Yahoo Breach Settlement Could Be the First Test of New Class Action Guidelines
Lawyers have responded to U.S. District Judge Lucy Koh's questions in what could be the first test case for new class action settlement guidance in California's Northern District.
November 14, 2018 at 05:23 PM
5 minute read
The original version of this story was published on The Recorder
In what appears to be the first test case for the Northern District of California's new class settlement guidance, lawyers submitted new details about the $85M Yahoo data breach settlement in response to probing questions from a federal judge.
Following lawyers' court papers to approve last month's settlement, one of the largest for a data breach, U.S. District Judge Lucy Koh issued two orders for supplemental information that largely mimic the Northern District of California's new guidance for class action settlements, widely considered the strictest in the nation.
In a Nov. 9 response, some of which was sealed, lawyers filled up 21 pages answering Koh's nine questions, which included more information on the potential class recoveries had the case not settled and the lodestar, or the amount of hours billed by plaintiffs lawyers multiplied by their average hourly rates. Among other things, the guidance said lawyers should provide billing calculations in their fee request and estimate the recoveries had plaintiffs succeeded on their claims.

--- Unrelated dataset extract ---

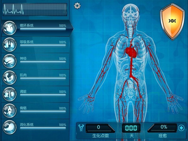 游戏共有八大系统(和人体一样):循环系统(Circulatory)、呼吸系统(Respiratory)、神经系统(Nervous)、肌肉(Muscular)、肾脏(Renal)、骨骼(Skeletal)、免疫系统(IMMUNE)。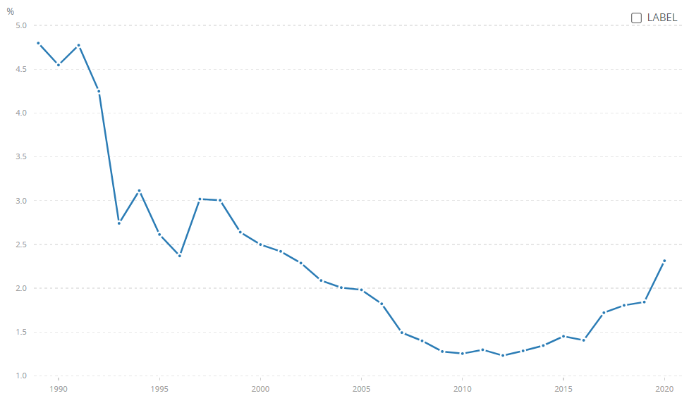 Romanian defence spending in percentage of GDP, 1990-2020

In their response, lawyers attached an exhibit detailing a lodestar of $22 million for 32 law firms, including Morgan & Morgan, New York's Milberg Tadler Phillips Grossman and Casey Gerry Schenk Francavilla Blatt & Penfield in San Diego. Yet information regarding how much the class could have gotten if the case had not settled was largely sealed.

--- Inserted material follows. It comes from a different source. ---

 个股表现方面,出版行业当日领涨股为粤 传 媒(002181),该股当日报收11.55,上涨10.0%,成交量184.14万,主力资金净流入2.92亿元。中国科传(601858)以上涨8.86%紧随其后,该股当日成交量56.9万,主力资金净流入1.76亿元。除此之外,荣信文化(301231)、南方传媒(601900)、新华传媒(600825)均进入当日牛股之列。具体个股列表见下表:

“Disclosure of this information would reveal class counsels' work product and mental impressions of the case,” wrote plaintiffs' lawyer John Yanchunis in a declaration. “Protection of attorneys work product in the form of mental impressions is sacrosanct.”
Neither Yanchunis, of Morgan & Morgan in Tampa, Florida, nor defense attorney Ann Marie Mortimer of Hunton Andrews Kurth in Los Angeles, responded to requests for comment. The defendants are Altaba Inc., the division of Verizon formerly known as Yahoo, and Oath Holdings Inc., which owns Yahoo's holding company.
Koh plans to hear oral arguments on preliminary approval of the settlement at a Nov. 29 hearing.
In 2016, Yahoo announced that 500 million accounts had been hacked in 2014, compromising names, email addresses, phone numbers, birth dates and passwords. Months later, Yahoo disclosed another breach in 2013 that affected 1 billion accounts, a figure that Verizon increased to 3 billion last year. The settlement also involves a third breach in 2015 and 2016.
The deal is one of the largest data breach settlements in U.S. history. It resolves cases in multidistrict litigation before Koh, as well as those brought in California state court, later coordinated in Orange County Superior Court, and class actions brought in Israel.
The settlement includes a $50 million fund from which consumers can make claims for cash reimbursements of out-of-pocket costs, such as fraud charges and professional fees, associated with the breaches. In addition, Yahoo has agreed to provide at least two years of credit monitoring and identity theft protection insurance to class members, and implement enhancements to its security programs.
Lawyers filed a motion for preliminary approval on Oct. 22. Then, on Nov. 1, the Northern District of California published its new guidance on class action settlements.
On Nov. 2, Koh ordered the lawyers in the Yahoo settlement to provide more information. She also asked why the deal involved 200 million individuals with about 1 billion Yahoo accounts, when three breaches compromised more than 3 billion accounts. She also asked about how they selected the settlement administrator and the number of class members expected to submit claims—both aspects in the guidelines. In a Nov. 5 order, Koh asked more questions about the calculation of the plaintiffs' fee request and the use and retention of class member data provided in the settlement.
In their response, lawyers said they reached the 200 million figure by estimating that 80 percent of the U.S. population of adults living in the United States had Yahoo accounts during the class period. They noted that the number of accounts dropped after Koh dismissed claims by account users in foreign countries, except Israel. Not to mention, they wrote, many individuals had more than one account.
They estimated that between 1 percent and 3 percent of class members would submit claims, based on other breach cases. They also said that Yahoo is paying for and selected the settlement administrator, whose costs could be more than $5 million.
As to the class member data, lawyers said it would be “stored in a climate-controlled data center, with security cameras and restricted key access,” and transferred through a “secure web portal” and “encrypted file share.”